### Record set
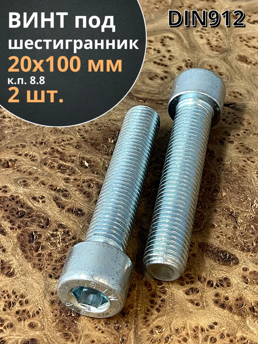 Винт под шестигранник ПР 20х100 мм ОЦ к.п.8.8 DIN912, 2 шт.
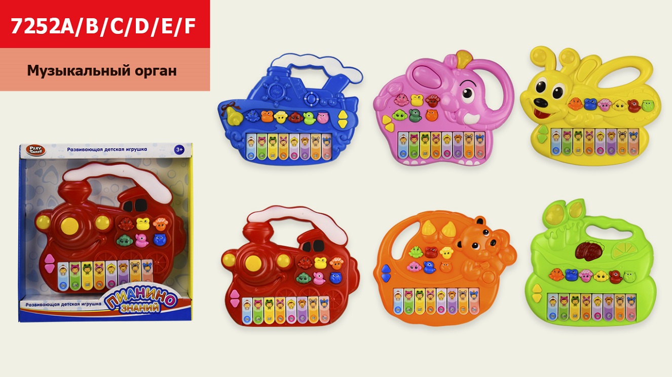 Муз.разв.орган 7252A/B/C/D/E/F(48шт/2)6 видово,25 см на бат.в коробке 25*24*1,5см(КИ)
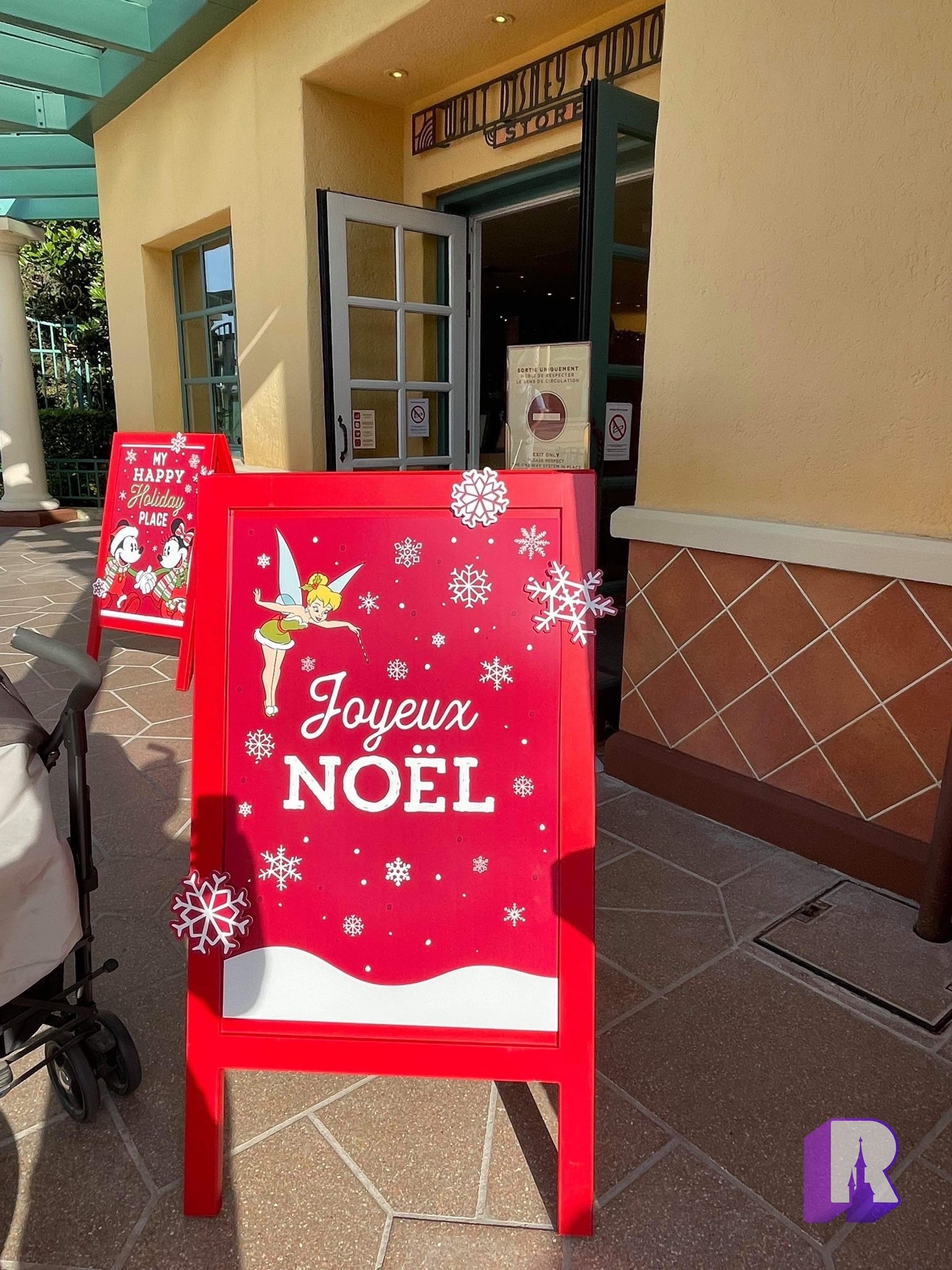 While new Halloween merchandise is nowhere to be seen, Christmas has arrived in the shops all across the Resort: Constellations, Emporium, World of Disney, and even Studio Store with these outlet mall signs.
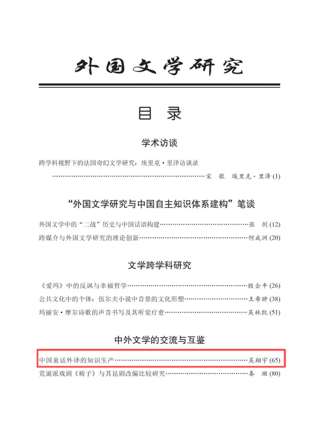 近日,我院儿童文学学科的吴翔宇教授在《外国文学研究》2025年第6期上发表论文《中国童话外译的知识生产》,该文系国家社科基金重大项目“百年中国文学视域下儿童文学发展史”的阶段性成果。
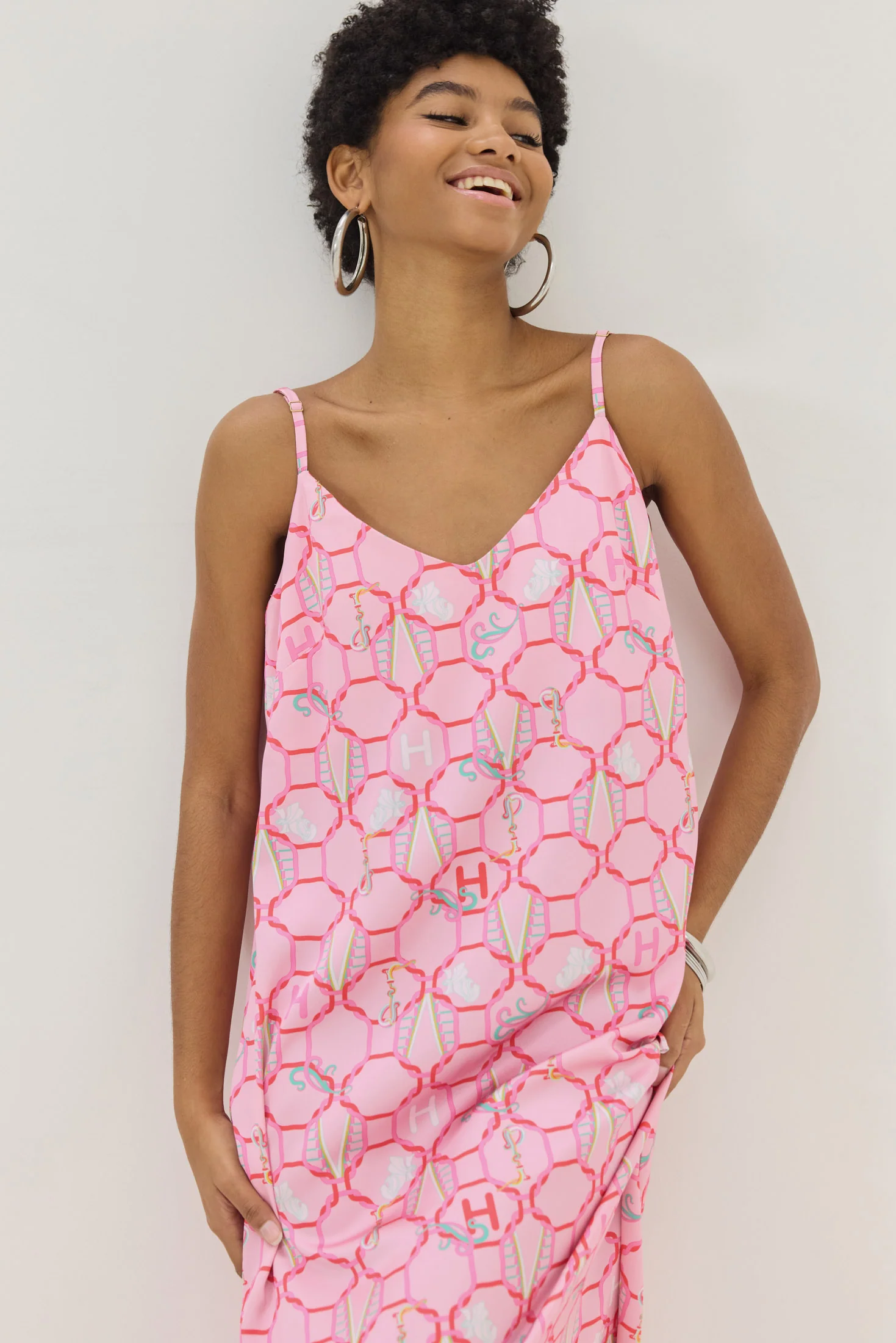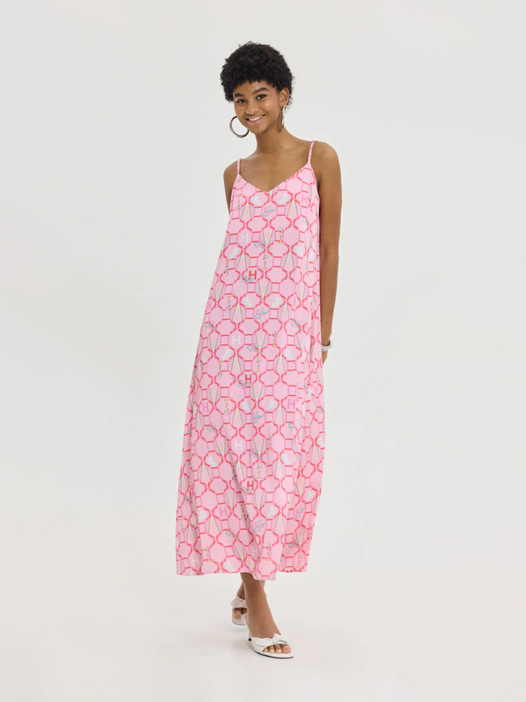 An effortlessly elegant piece with a fluid silhouette and soft sheen from Hemithea. The delicate straps and open back add a feminine edge, while the snake-print pattern brings a bold, modern attitude—perfect for elevated everyday wear.
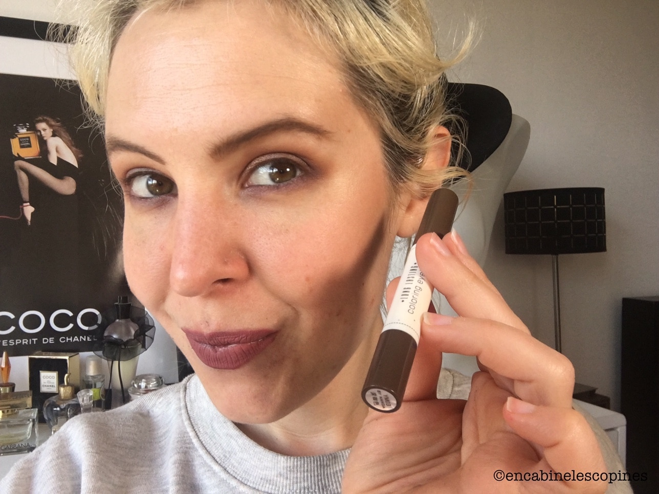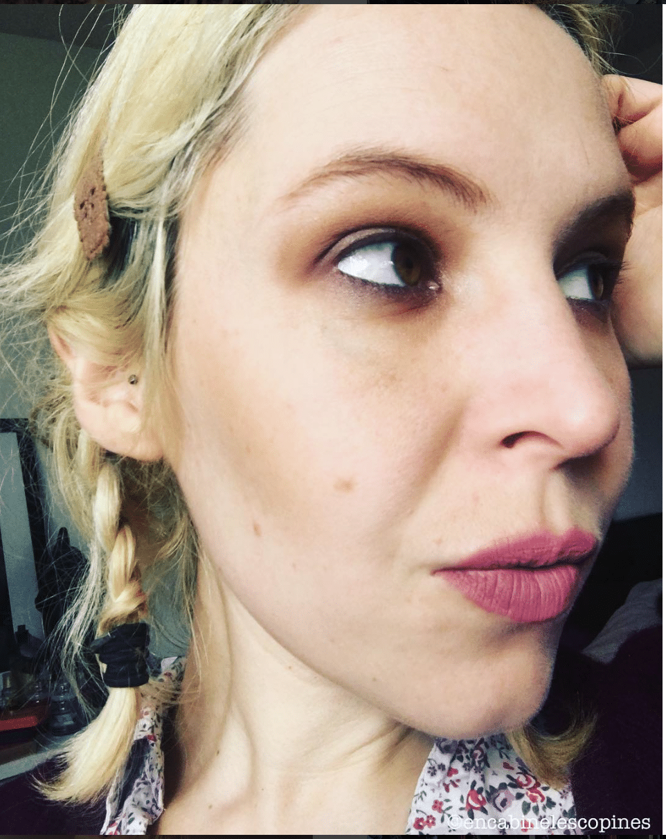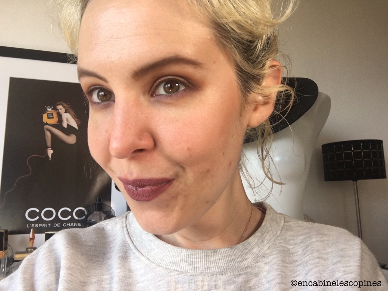 Sur cette photo je porte toujours l’encre à lèvre vieux rose et j’ai également utilisé le pinceau numéro 3 pour rectifier mes sourcils .
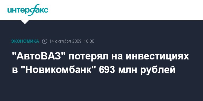 Москва. 14 октября. INTERFAX.RU - Группа "АвтоВАЗ" опубликовала консолидированную финансовую отчетность по международному стандарту (МСФО) за первое полугодие 2009 г., в которой раскрываются итоги сделки по приобретению автогигантом в декабре прошлого года 20% акций ЗАО АКБ "Новикомбанк".
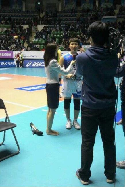 이는 이 '매너발 리포터'가 곽동혁과 키를 맞추기 위해서라기 보다는 배구코트 바닥 때문에 구두를 벗었을 가능성을 제기하고 있기 때문이다.
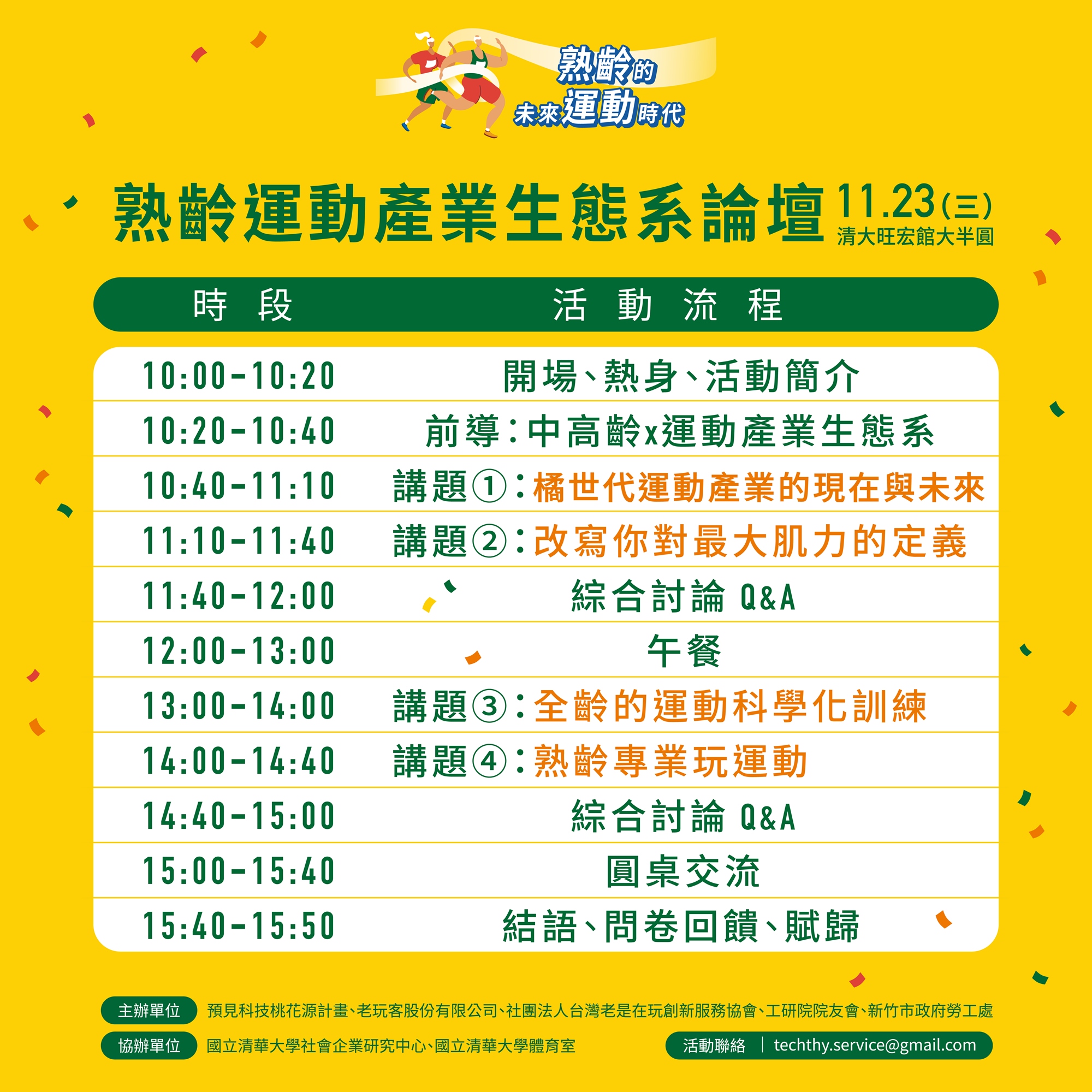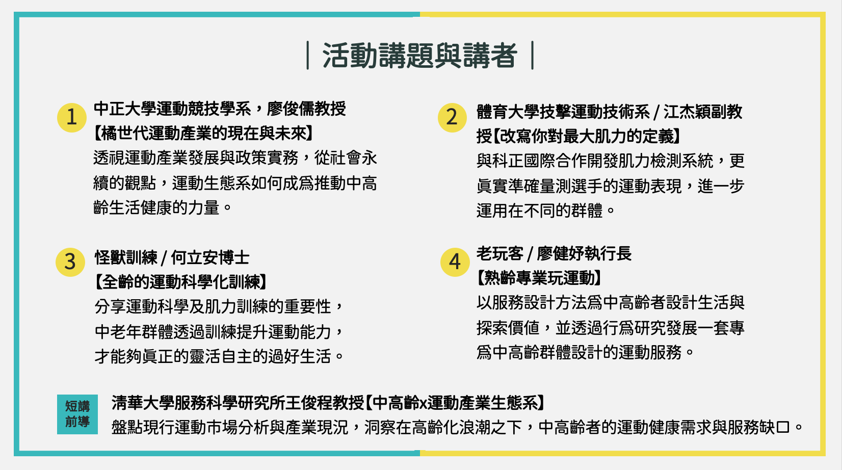 《熟齡的未來運動時代》第二場活動「熟齡運動產業生態系論壇」,團隊邀請從學理、研究到臨床的專家夥伴,分享關於中高齡運動的研究與實務成果,希望能聚集運動產業生態系的運動設備、賽事訓練、高齡科技等廠商企業,加以集思熟齡運動議題,共同來探討高齡社會的願景與運動服務創新。
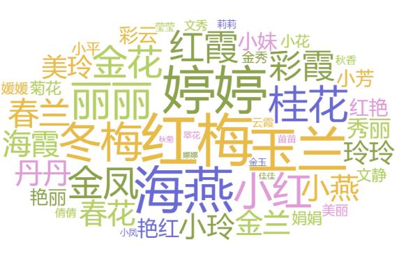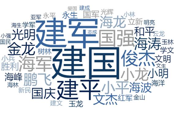 注:[1] 词云中的男女姓名和频率均取自2005年全国1%人口抽样调查;[2] 名字大小代表了出现频率; [3] 上为男名,下为女名。
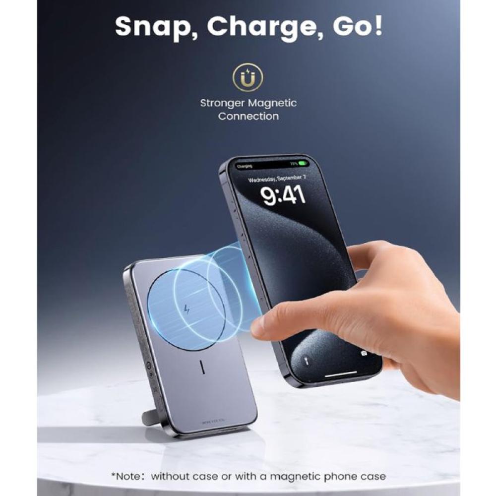 اكتشف الشاحن المتنقل يوجرين اللاسلكي المغناطيسي قابل للطي بقوة 10000mAh ومزود بحامل الهاتف المحمول و MagSafe.
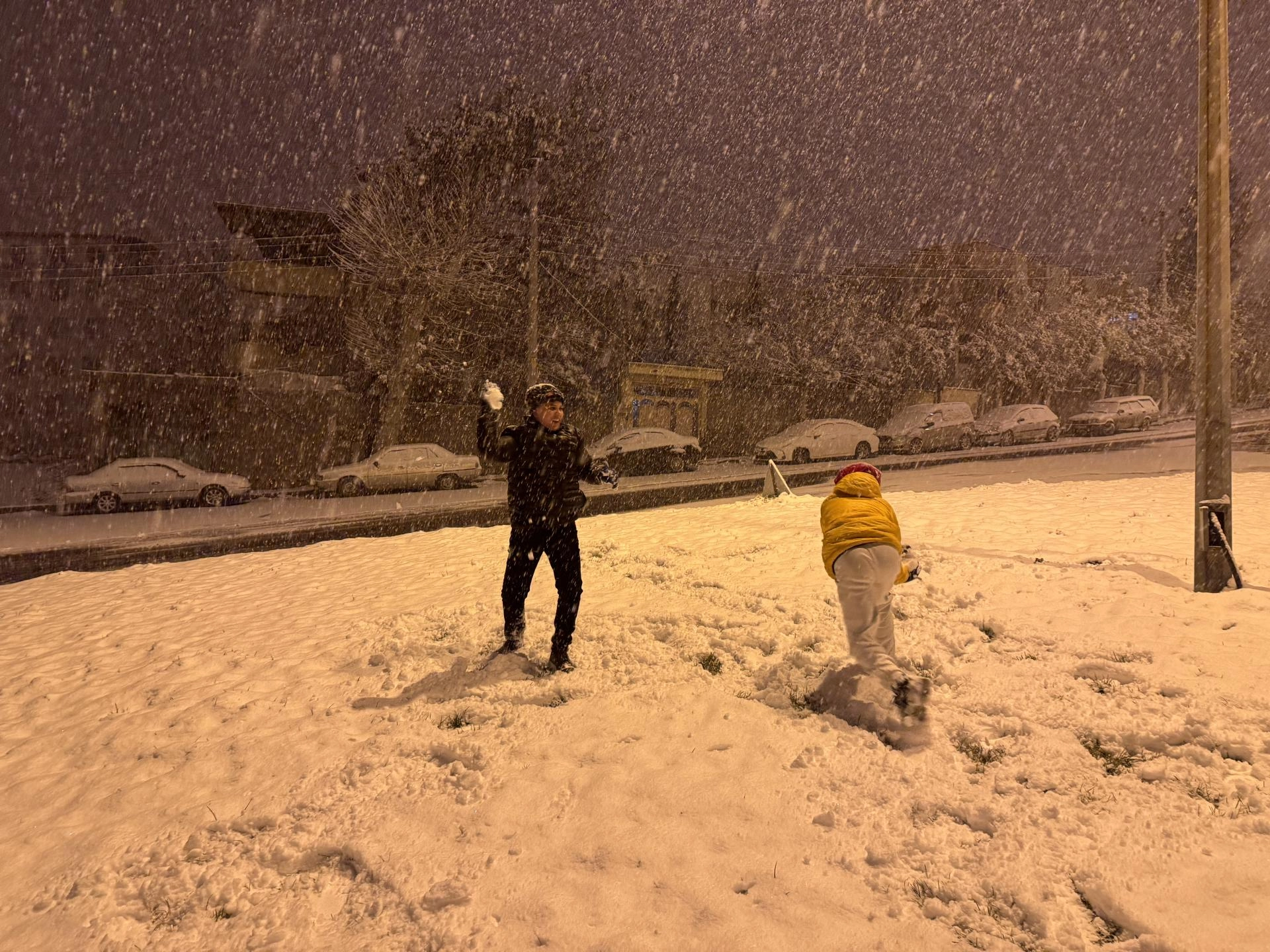 Kar yağışını fırsat bilen çocuklar, aileleriyle sokağa çıkarak kar topu oynadı.
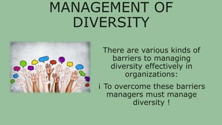This document outlines 11 steps to effectively manage diversity in organizations. It begins by acknowledging barriers to managing diversity and the need for managers to overcome them. The steps include securing top management commitment, increasing accuracy of perceptions and diversity awareness/skills, encouraging flexibility, closely evaluating employees, considering representation, empowering employees to challenge discrimination, rewarding effective management of diversity, and providing ongoing diversity training that includes mentoring. The tips section advises new managers to reflect on potential biases, ensure diversity training, find flexible solutions, communicate zero tolerance for discrimination, and facilitate mentoring.
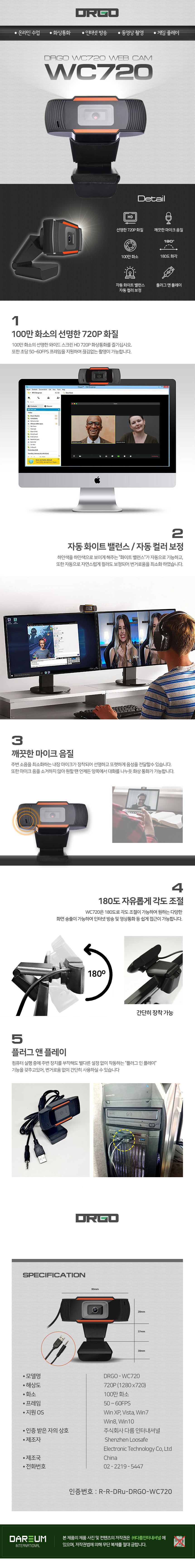| 품명 및 모델명 | DRGO WC720 HD 웹캠 |
######
* Activity: Above are the records. Copy word for word only their lines from the one holding "이는 이 '매너발 리포터'가" through the one holding "Kar yağışını fırsat", both included, and skip the images.

* Answer to this exercise:
 이는 이 '매너발 리포터'가 곽동혁과 키를 맞추기 위해서라기 보다는 배구코트 바닥 때문에 구두를 벗었을 가능성을 제기하고 있기 때문이다.
 《熟齡的未來運動時代》第二場活動「熟齡運動產業生態系論壇」,團隊邀請從學理、研究到臨床的專家夥伴,分享關於中高齡運動的研究與實務成果,希望能聚集運動產業生態系的運動設備、賽事訓練、高齡科技等廠商企業,加以集思熟齡運動議題,共同來探討高齡社會的願景與運動服務創新。
 注:[1] 词云中的男女姓名和频率均取自2005年全国1%人口抽样调查;[2] 名字大小代表了出现频率; [3] 上为男名,下为女名。
 اكتشف الشاحن المتنقل يوجرين اللاسلكي المغناطيسي قابل للطي بقوة 10000mAh ومزود بحامل الهاتف المحمول و MagSafe.
 Kar yağışını fırsat bilen çocuklar, aileleriyle sokağa çıkarak kar topu oynadı.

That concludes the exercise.